3.2 Materials and Methods for Urban 3D Visual Features Modeling
This section elucidates the procedures and methodologies employed for acquiring, processing, modeling, and simulating visual features in the urban environment (Fig. 1).
Urban scene materials acquisition and visual features modeling workflow.
This workflow outlines the sequential steps and methodologies employed for acquiring, processing, modeling, and simulating urban visual features. It encompasses data collection, pre-processing, geometry modeling, visual features modeling, utilization of USD standard specifications for organization, and the application of geosimulation techniques integrated into the USD framework.
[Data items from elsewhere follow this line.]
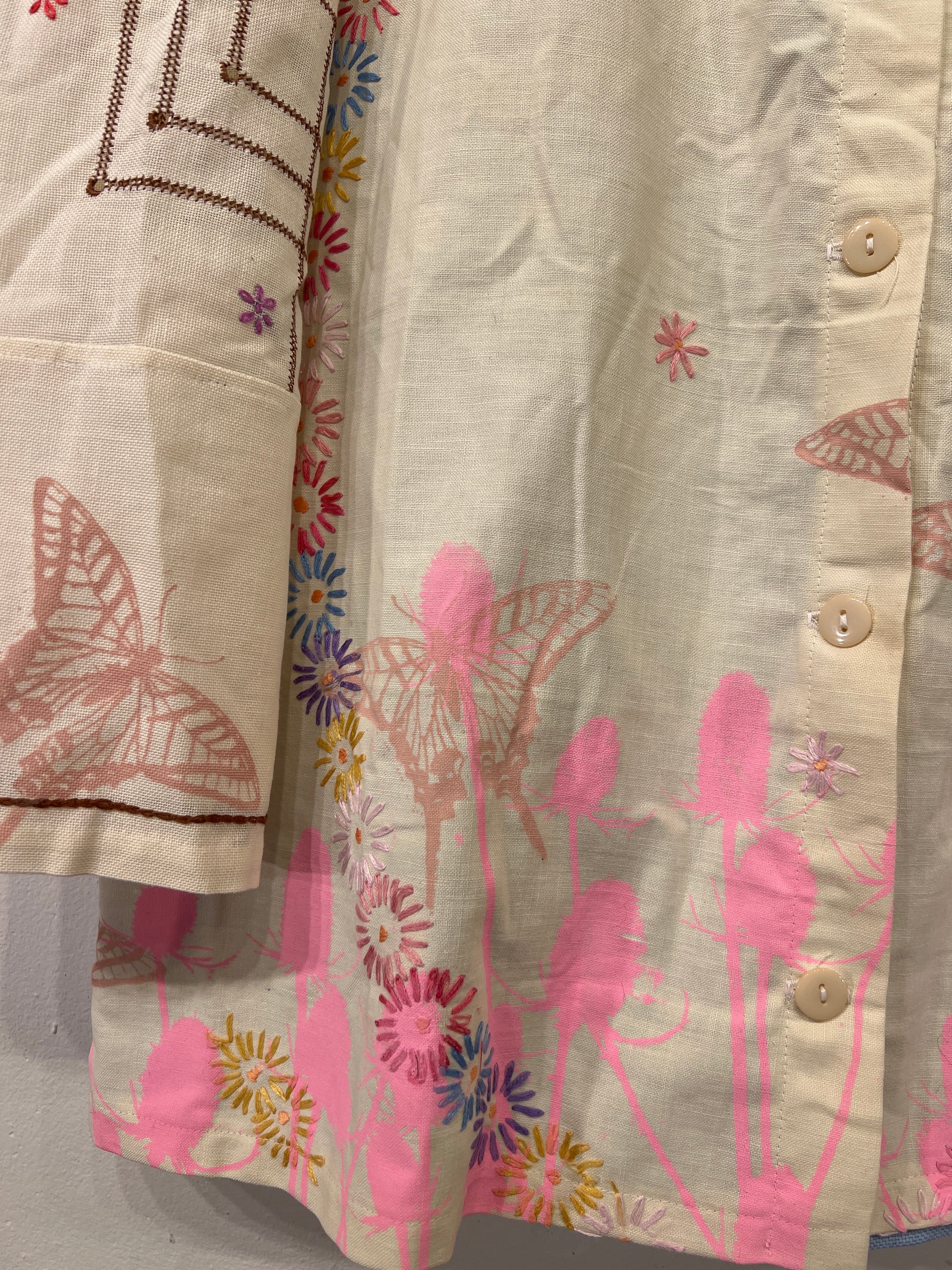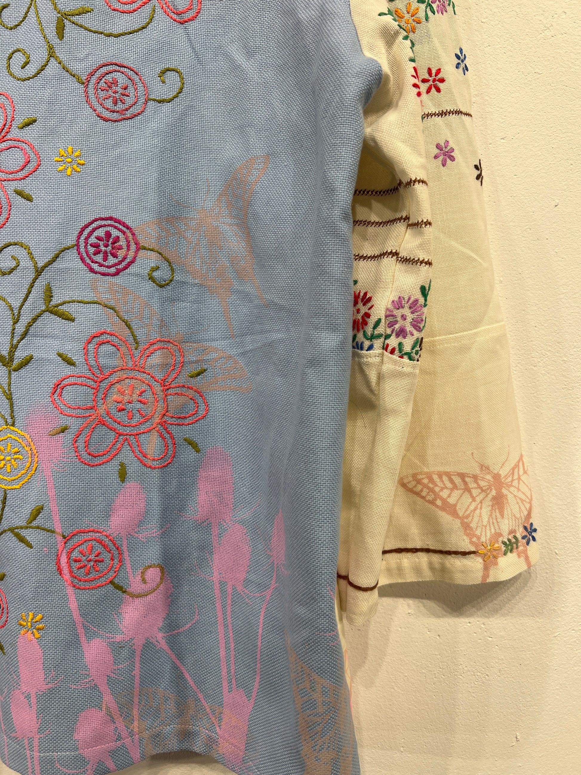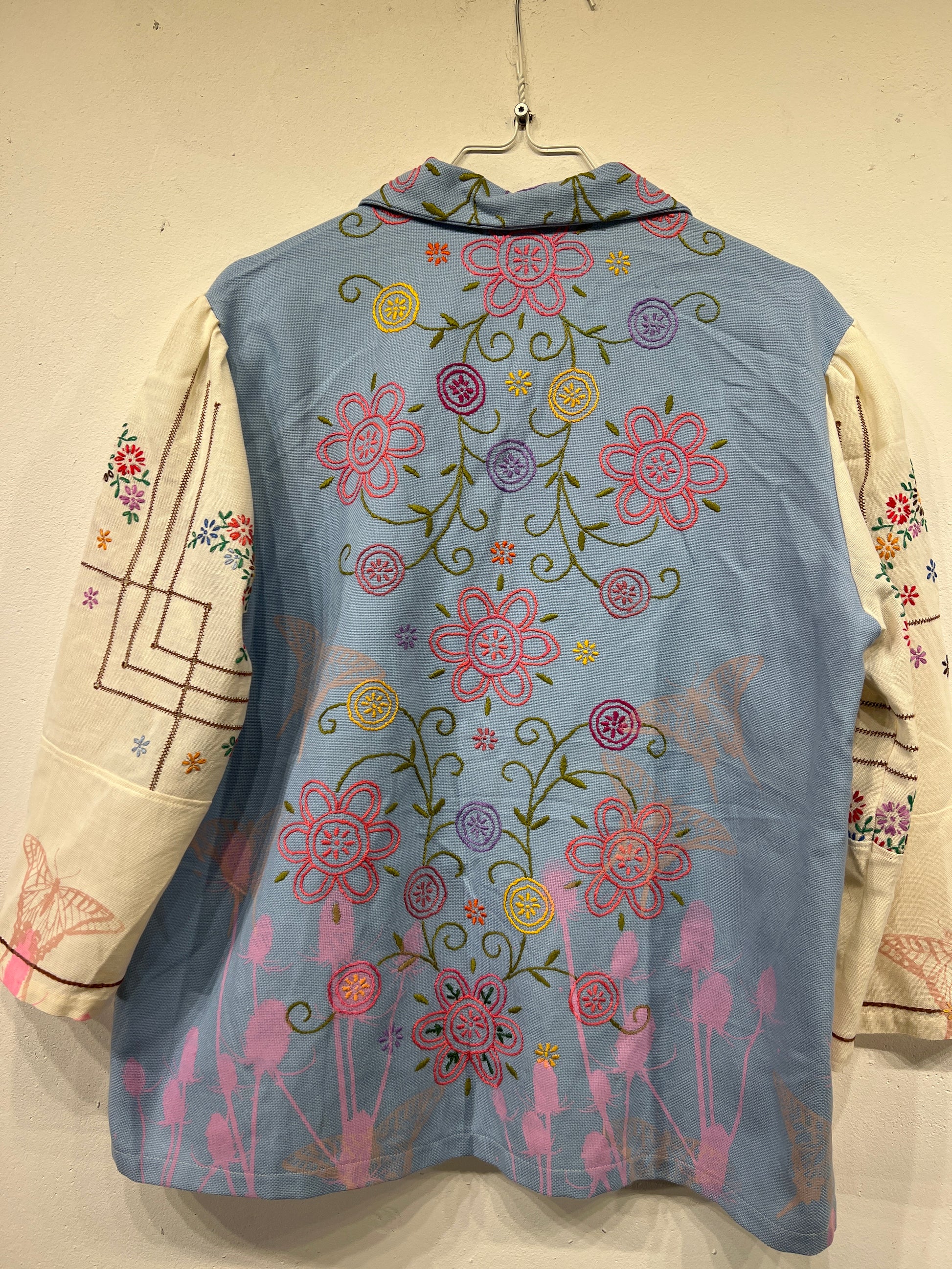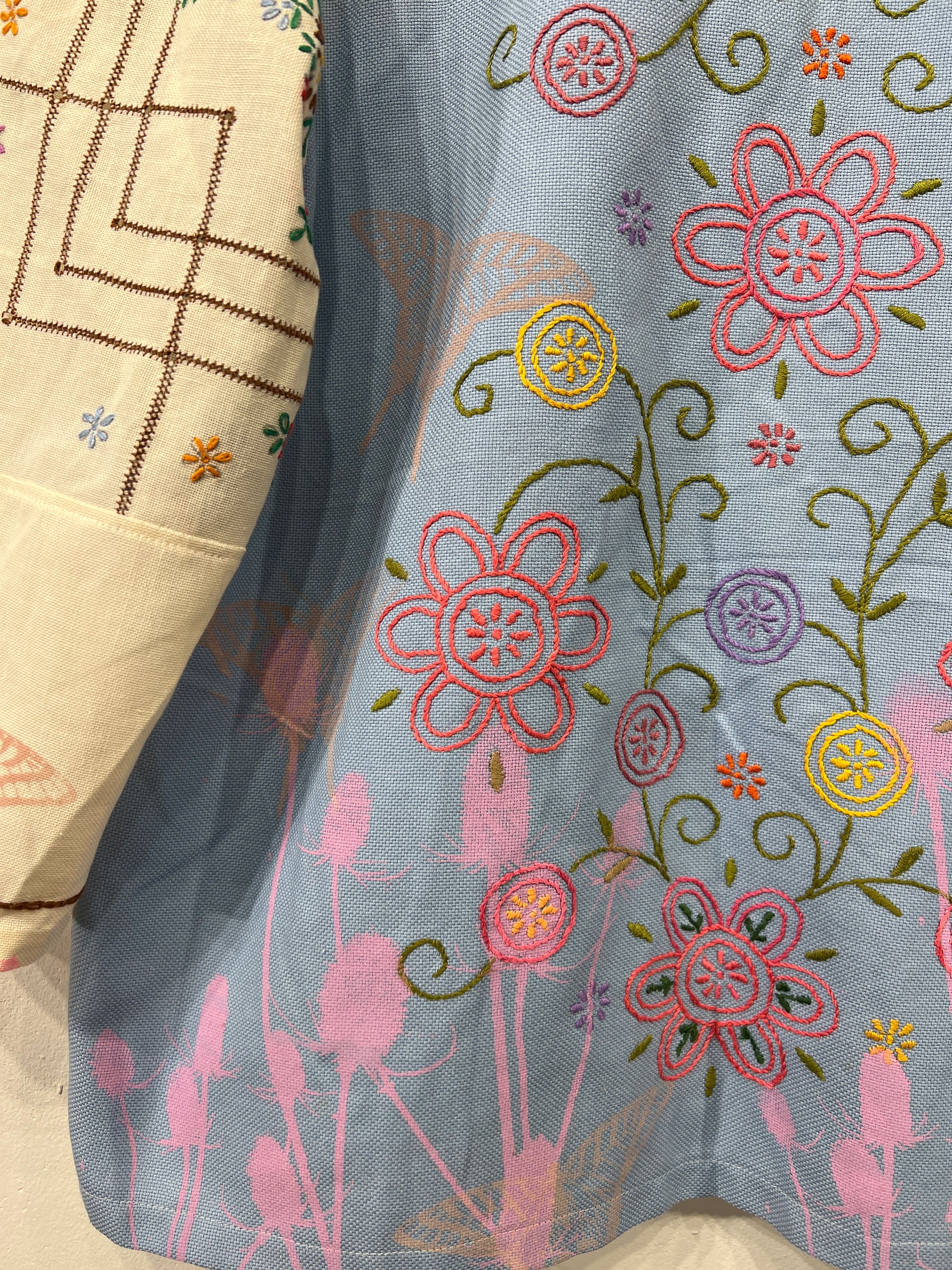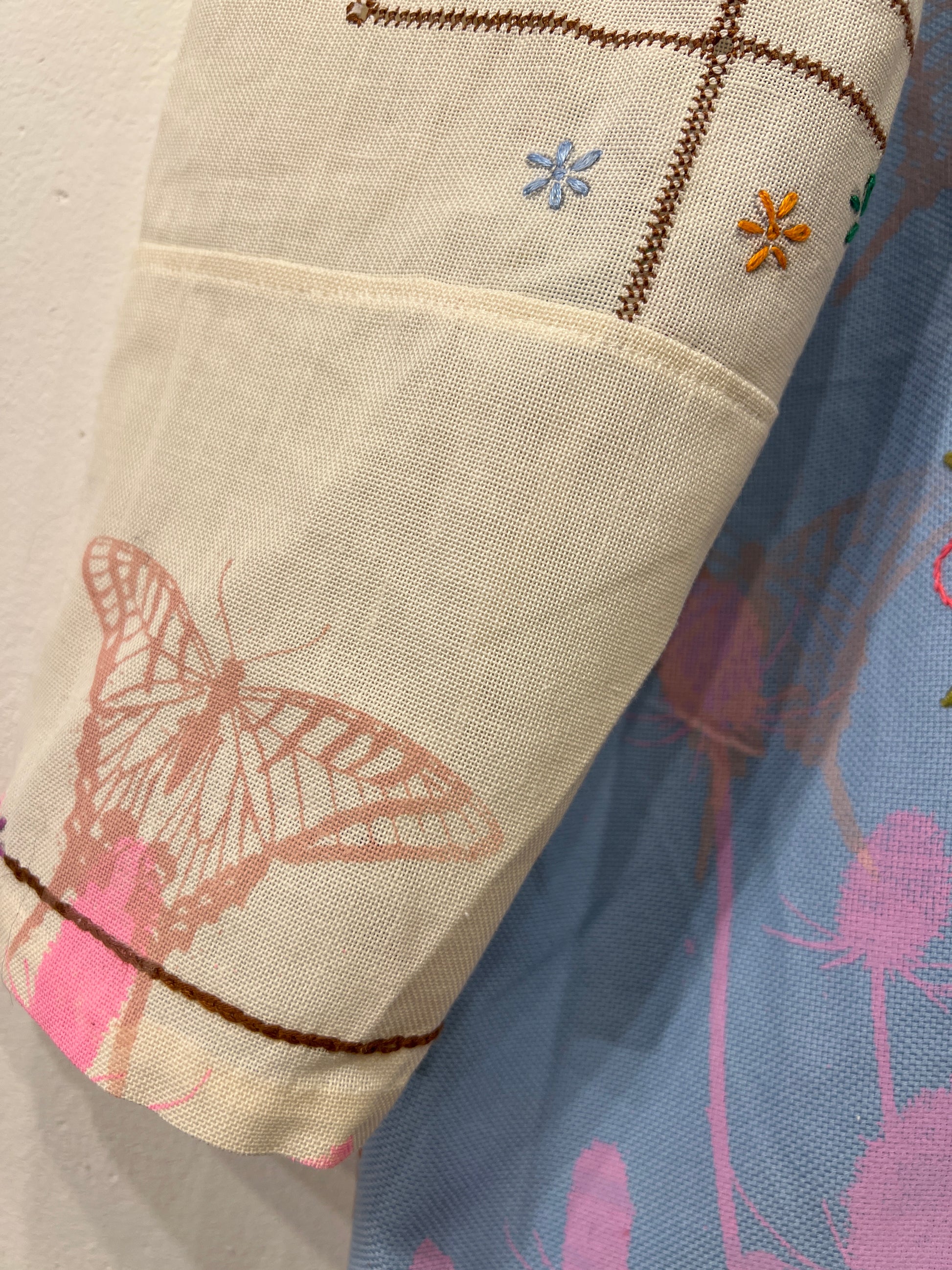 Resultatet er en bæredygtig og kunstnerisk fortolkning af den klassiske jakke, hvor håndværk, kreativitet og genbrug går op i en tidløs helhed.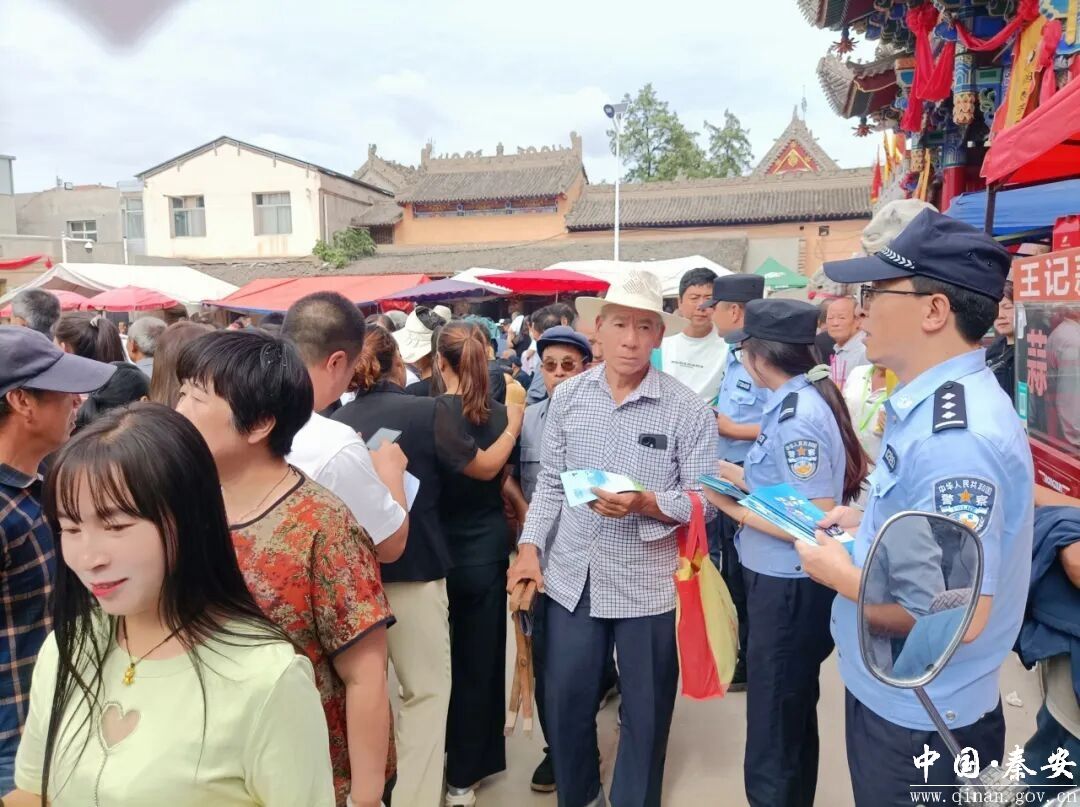 为维护辖区社会面秩序持续稳定,近日,秦安县公安局秦南派出所深入辖区邢泉村庙会现场,利用庙会期间群众聚集的有利时机开展禁毒、防诈骗、防邪教等宣传工作。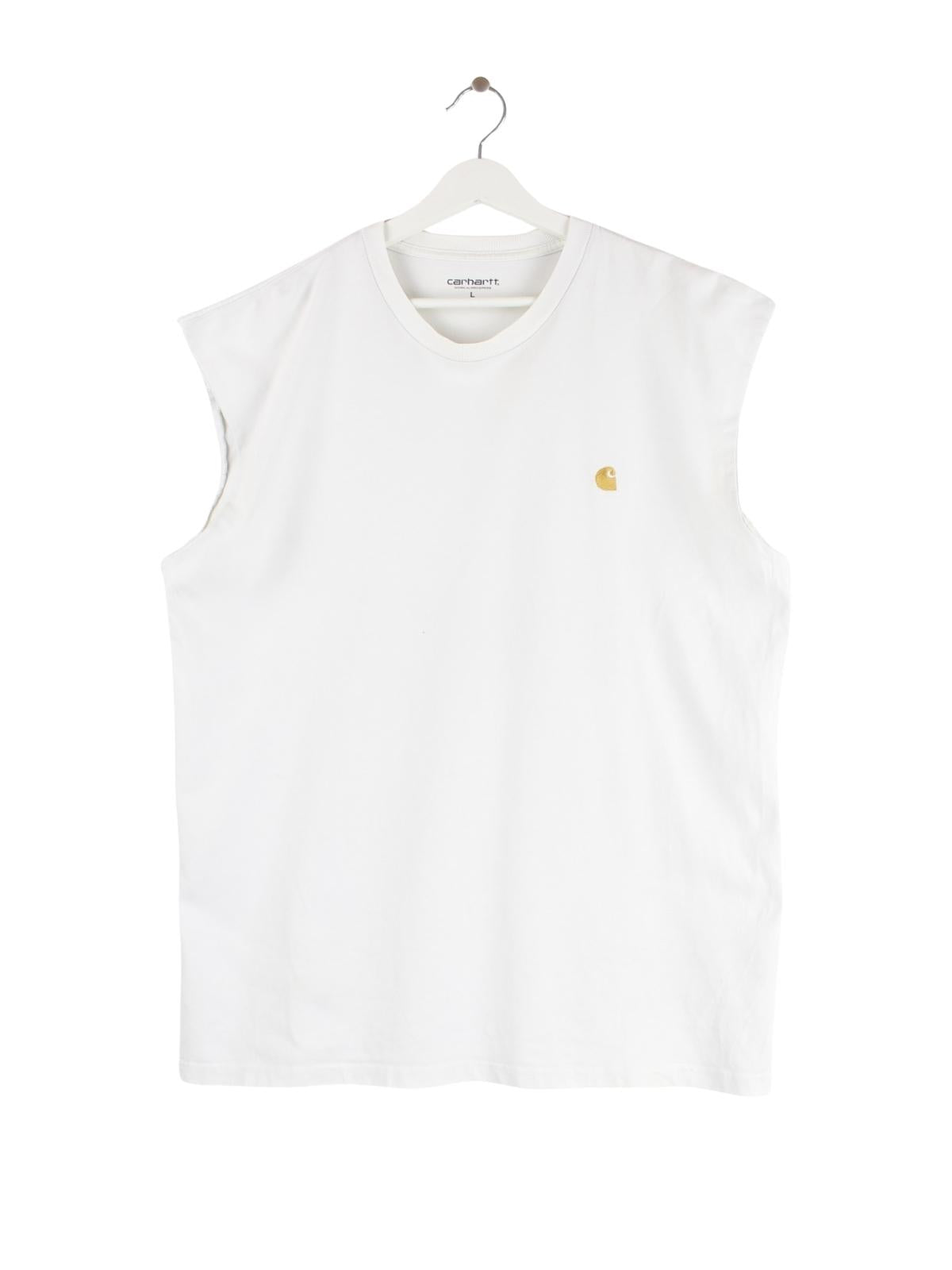 Weißer Tank Top der Brand Carhartt in Größe L. Er ist aus Baumwolle gefertigt und in gutem Zustand bei uns vorrätig.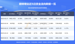 一文了解,丽江股份股票资金流向统计表(02月28日),下文就随笔记君来简单的了解一下吧。 一、近5日资金流向统计(2023/02/22~2023/02/28): 近5日内该股资金总体呈流入状态...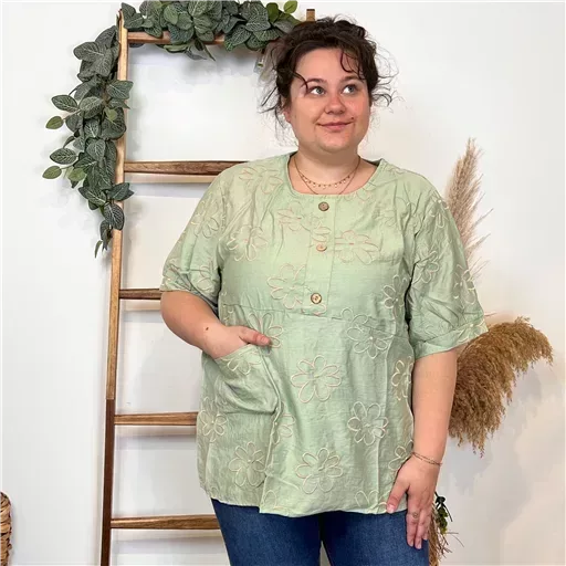 Une blouse signée Christy qui se porte facilement en cette saison. Blouse fluide imprimée “Jolies Formes”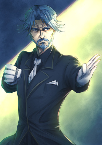Whoa, the red eyes make him look creepy. Like he's gonna betray everyone else late in the manga.
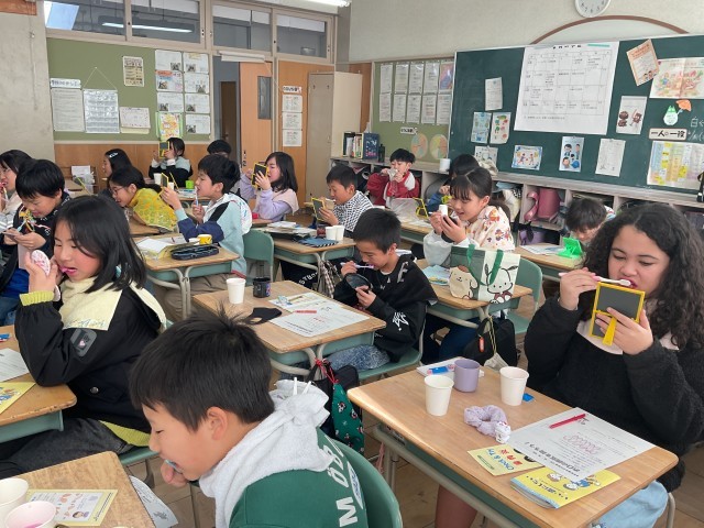 最後は、正しいブラッシング方法を教わりながら、みんなで丁寧に歯をみがきました。ぜひ、今日はおうちでも教わった磨き方を実践してほしいと思います。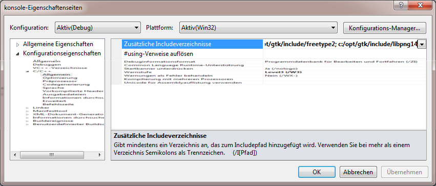Und wählen dort Links „C/C++“ und als Unterpunkt allgemein. In den Punkt „Zusätzliche Includeverzeichnisse“ müssen wir jetzt alle Verzeichnisse eintragen und die einzelnen Pfade mit einem Semikolon trennen. Ich habe die Ausgabe von pkg-config in einen Editor kopiert, die „-I“ entfernt und Semikolons eingefügt und die Pfade so in eine Zeile hintereinander geschrieben. Das kann kann dann in diese eine Zeile einfügen.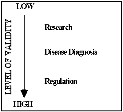 The meaning that will be attributed to results will also depend on the context of the interpretation. Contexts include research, disease diagnostics and regulation of fisheries operations which will require different levels of validity (Fig. 1). In the research context, the required level of validity need not be high provided the technique generates information of use for the formulation or confirmation of models of disease. On the other hand, the use of the technique for diseases diagnosis necessitates a much higher level of validity because of the therapeutic and/or management decisions that may rest on the outcome of the application of that technique. At the highest level of validity, the interpretation of results in a regulatory context may have far-reaching and serious implications for a fish farmer, region or country.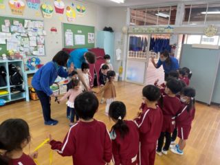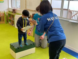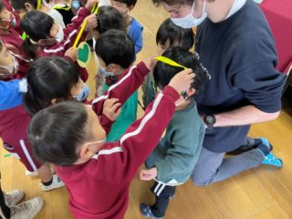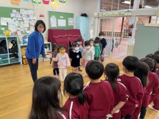いつものようにリトミックや英語あそびをした後、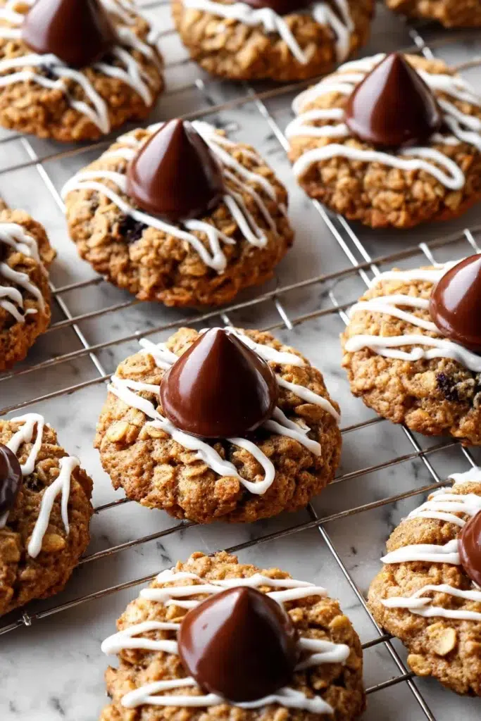 Delightful Cherry Blossom Cookies featuring whole rolled oats, warm spices, dried tart cherries, and a chocolate kiss center, optionally topped with a vanilla almond bark drizzle.

This comprehensive approach ensures the creation of accurate and realistic urban 3D models suitable for geosimulation purposes.
4 Experiments and Results Analysis
4.1 Experimental Settings
To evaluate the effectiveness of the proposed approach for urban built environment visual features modeling using USD standard specifications, a series of experiments were conducted to design the digital twin of a housing estate [1]. These experiments utilized a representative dataset of the urban environment as depicted in Fig. 2. The dataset comprised of geospatial data, including aerial imagery, LiDAR data, and GIS data containing information about buildings, roads, terrain, and vegetation. The four categories of experiments conducted are described in Table 3.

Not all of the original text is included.